Il existe des changements :
– de niveau 1 dans un même contexte ; par exemple travailler plus pour mieux retenir ce que vous avez noté en cours ;
– de niveau 2 qui supposent un changement de contexte.
Par exemple, vous remarquez que vous vous concentrez mieux si vous planifiez les temps de repos et, dans ce but, au lieu de travailler plus longuement, vous planifiez paradoxalement les temps libres. Remarquez que, maintenant que vous l’avez entendu, le faire ne sera plus qu’un changement de niveau 1 puisqu’il ne mettra pas en marche votre propre créativité.
Construire
Une thérapie est comparable à un système « problème – client – thérapeute » qui doit arriver à son autodestruction. Pour construire une telle situation qu’on considérera fonctionner comme un système, il faudra construire un problème, l’objet de la plainte n’étant pas toujours de nature à constituer un problème (voir « Recadrage »). Il faudra aussi que la personne en face de vous soit cliente pour quelque chose, d’où la nécessité de construire des objectifs minimaux, simples et concrets. Il faudra aussi se construire comme thérapeute, c’est-à-dire être capable de nouer avec le client une relation que celui-ci pensera être vectrice de changement. De la même façon, il faudra construire certains comportements comme ressources et comme solutions. Cette co-construction autodégradable est une représentation possible de ce jeu de langage nommé psychothérapie.
Empirisme
Toutes ces techniques, toutes ces façons de faire reposent sur des faits d’expérience.

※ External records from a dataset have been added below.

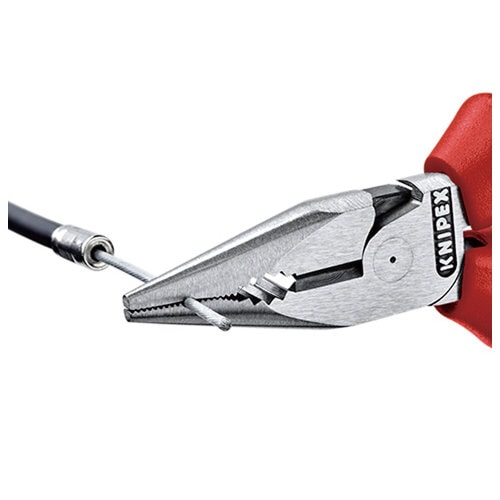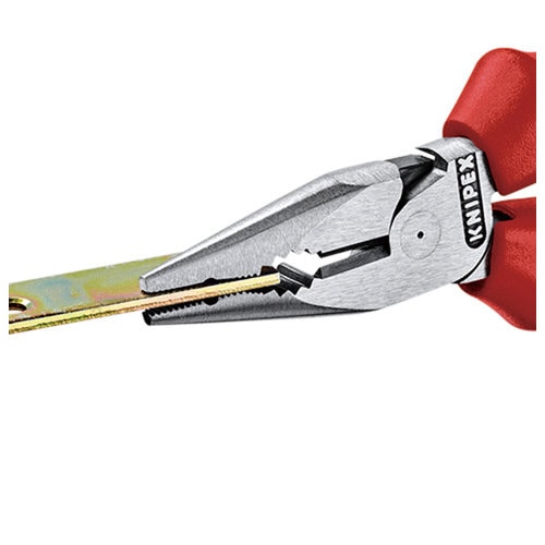 ●ヘッド仕上げ:研磨●ハンドル仕様:コンフォート●プライヤー:亜鉛合金メッキ(黒)●スタイル:平口●つかみ面:横すじ入り●切断能力(中硬線;径mm):3.0●切断能力(硬線;径mm):2.0●銅線(多芯)の切断能力(径mm):8.0●銅線(多芯)の切断能力(mm2):16.0●全長(mm):145●質量(g):145●鍛造により大変頑丈です。●材質はオイル焼き入れ焼き戻し処理済みの特殊工具鋼。●スリムなヘッド形状と先の尖ったジョーにより(確実な回り止め)、アクセスが難しい箇所でも最適に作業できます。●掴持面の片側を凸形にして、平坦な部品を確実に掴持します。●フライス加工した掴持部分の溝により、釘、ピン、ボルトなどの小さなワークピースを確実に保持し、引き抜きます。●信頼性が高く、さまざまな用途に対応した先細コンビネーションプライヤー(携帯用)。●切断面は傘状で斜め刃。●高いテコ比の強力ジョイントにより、切断が簡単に行えます。●中硬線および硬線用の切刃付き。●長い耐久性と安定した刃先。●複数の材質で作られたプラスチックカバー付きハンドル。※コンフォートハンドル(本品)は絶縁ではありません。
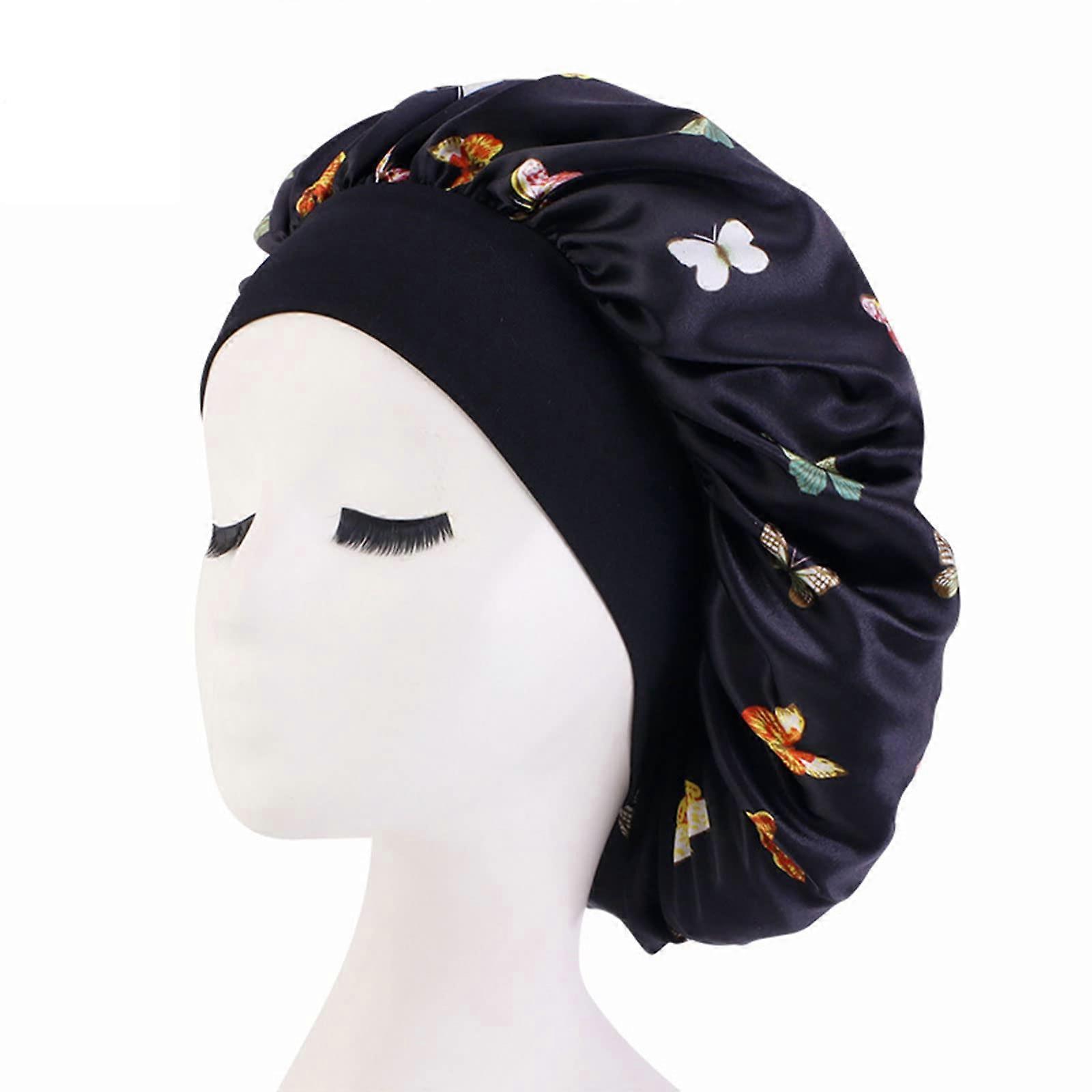 Silk Sleep Cap Butterfly Print Hair Turban for Sleeping and Frizz Control Black Medium
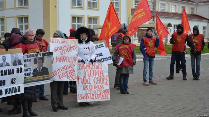Татарстанские аварийщики в воскресенье вышли на митинг в Зеленодольске против признания их домов не подлежащими для проживания, а также против бездействия прокуратуры Татарстана и беззакония местных властей.

De nombreux concepts ont été validés par des travaux scientifiques, mais la validation n’est qu’empirique, c’est-à-dire qu’elle ne permet pas de construire une théorie qui prétendrait à être un reflet de la « réalité » du « psychisme ». Bref, toutes ces techniques ne permettent pas à un thérapeute d’être « intelligent », puisque les modèles d’essence empirique sont toujours simples et pragmatiques. Pour construire une représentation de l’esprit humain, il faudra se tourner vers des systèmes théoriques philosophiques, psychanalytiques, spirituels qui sont nécessaires pour donner du sens à notre pratique, mais qui resteront toujours hétérogènes à ce type de pratique.
Éthique
Même un simple tournevis peut devenir une arme mortelle. Il en est de même de toutes ces techniques que vous avez choisi d’apprendre. Seule votre morale, complétée d’une réflexion éthique avec vos pairs, éventuellement confortée par un code de déontologie, vous permettra de garder votre pratique dans les limites du Bien.